#### Assignment:
Transcribe the following records exactly, images excluded.

* * * *

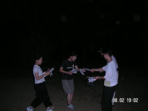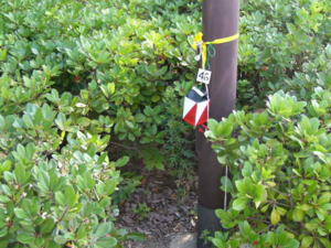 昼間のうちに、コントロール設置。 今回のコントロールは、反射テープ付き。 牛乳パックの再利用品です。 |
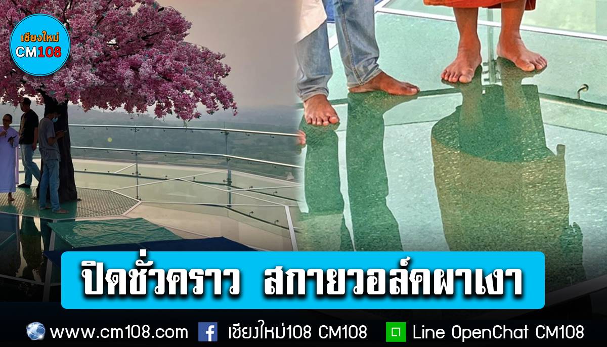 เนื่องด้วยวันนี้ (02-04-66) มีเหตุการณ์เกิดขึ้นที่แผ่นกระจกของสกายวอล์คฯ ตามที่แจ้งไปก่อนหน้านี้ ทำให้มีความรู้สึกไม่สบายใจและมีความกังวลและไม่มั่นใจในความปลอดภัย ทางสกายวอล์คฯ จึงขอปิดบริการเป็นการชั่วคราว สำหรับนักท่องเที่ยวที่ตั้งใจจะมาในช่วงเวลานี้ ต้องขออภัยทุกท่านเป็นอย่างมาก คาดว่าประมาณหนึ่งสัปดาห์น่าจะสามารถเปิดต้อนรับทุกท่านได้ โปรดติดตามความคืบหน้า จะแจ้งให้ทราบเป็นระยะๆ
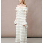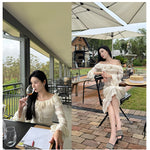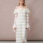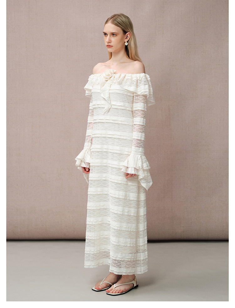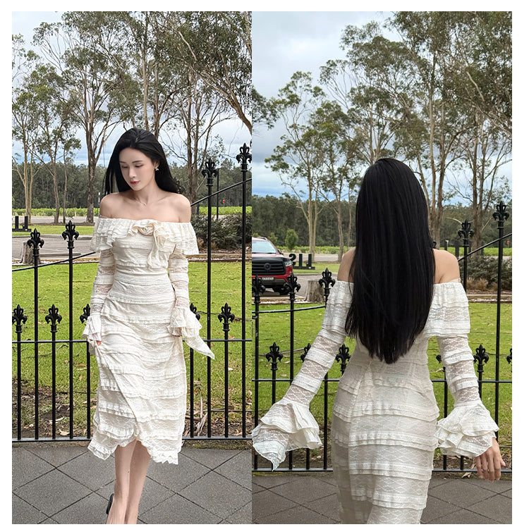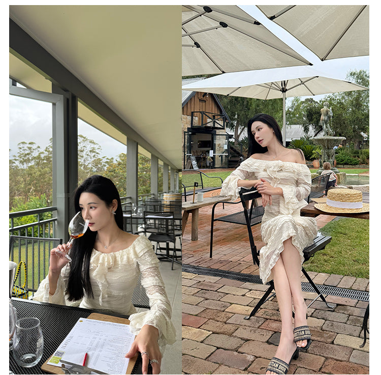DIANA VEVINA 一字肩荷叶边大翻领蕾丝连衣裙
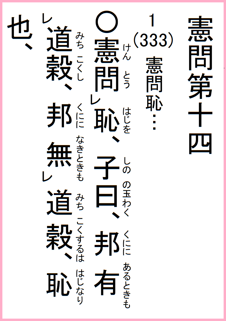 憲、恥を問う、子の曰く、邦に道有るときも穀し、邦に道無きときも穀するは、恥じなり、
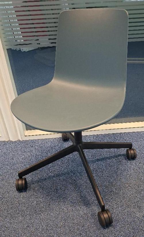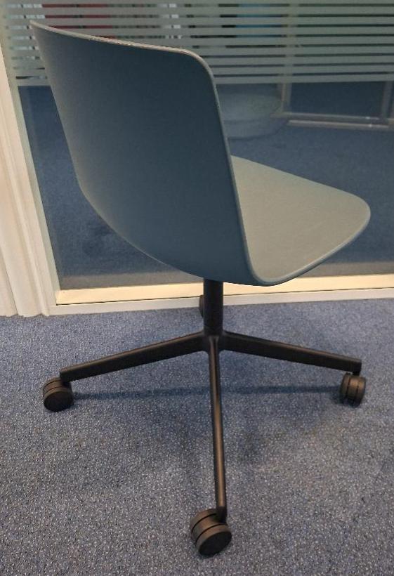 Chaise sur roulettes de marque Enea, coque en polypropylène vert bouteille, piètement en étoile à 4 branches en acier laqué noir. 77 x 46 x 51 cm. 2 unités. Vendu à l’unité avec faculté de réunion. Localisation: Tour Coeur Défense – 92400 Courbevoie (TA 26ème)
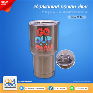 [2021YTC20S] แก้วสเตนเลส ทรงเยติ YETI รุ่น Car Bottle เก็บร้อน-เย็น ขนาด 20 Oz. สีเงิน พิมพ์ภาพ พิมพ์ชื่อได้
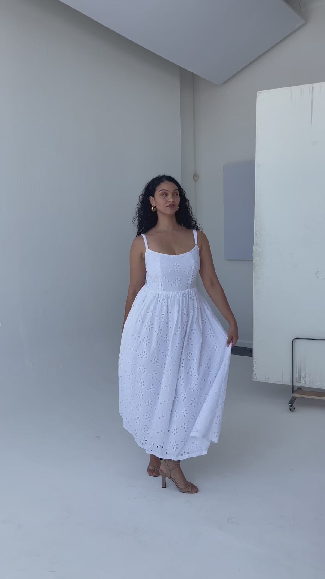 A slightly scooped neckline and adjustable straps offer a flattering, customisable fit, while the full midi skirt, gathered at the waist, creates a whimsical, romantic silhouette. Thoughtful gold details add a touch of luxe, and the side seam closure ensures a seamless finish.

* * * *

#### Result of the exercise:
 昼間のうちに、コントロール設置。 今回のコントロールは、反射テープ付き。 牛乳パックの再利用品です。 |
 เนื่องด้วยวันนี้ (02-04-66) มีเหตุการณ์เกิดขึ้นที่แผ่นกระจกของสกายวอล์คฯ ตามที่แจ้งไปก่อนหน้านี้ ทำให้มีความรู้สึกไม่สบายใจและมีความกังวลและไม่มั่นใจในความปลอดภัย ทางสกายวอล์คฯ จึงขอปิดบริการเป็นการชั่วคราว สำหรับนักท่องเที่ยวที่ตั้งใจจะมาในช่วงเวลานี้ ต้องขออภัยทุกท่านเป็นอย่างมาก คาดว่าประมาณหนึ่งสัปดาห์น่าจะสามารถเปิดต้อนรับทุกท่านได้ โปรดติดตามความคืบหน้า จะแจ้งให้ทราบเป็นระยะๆ
DIANA VEVINA 一字肩荷叶边大翻领蕾丝连衣裙
 憲、恥を問う、子の曰く、邦に道有るときも穀し、邦に道無きときも穀するは、恥じなり、
 Chaise sur roulettes de marque Enea, coque en polypropylène vert bouteille, piètement en étoile à 4 branches en acier laqué noir. 77 x 46 x 51 cm. 2 unités. Vendu à l’unité avec faculté de réunion. Localisation: Tour Coeur Défense – 92400 Courbevoie (TA 26ème)
 [2021YTC20S] แก้วสเตนเลส ทรงเยติ YETI รุ่น Car Bottle เก็บร้อน-เย็น ขนาด 20 Oz. สีเงิน พิมพ์ภาพ พิมพ์ชื่อได้
 A slightly scooped neckline and adjustable straps offer a flattering, customisable fit, while the full midi skirt, gathered at the waist, creates a whimsical, romantic silhouette. Thoughtful gold details add a touch of luxe, and the side seam closure ensures a seamless finish.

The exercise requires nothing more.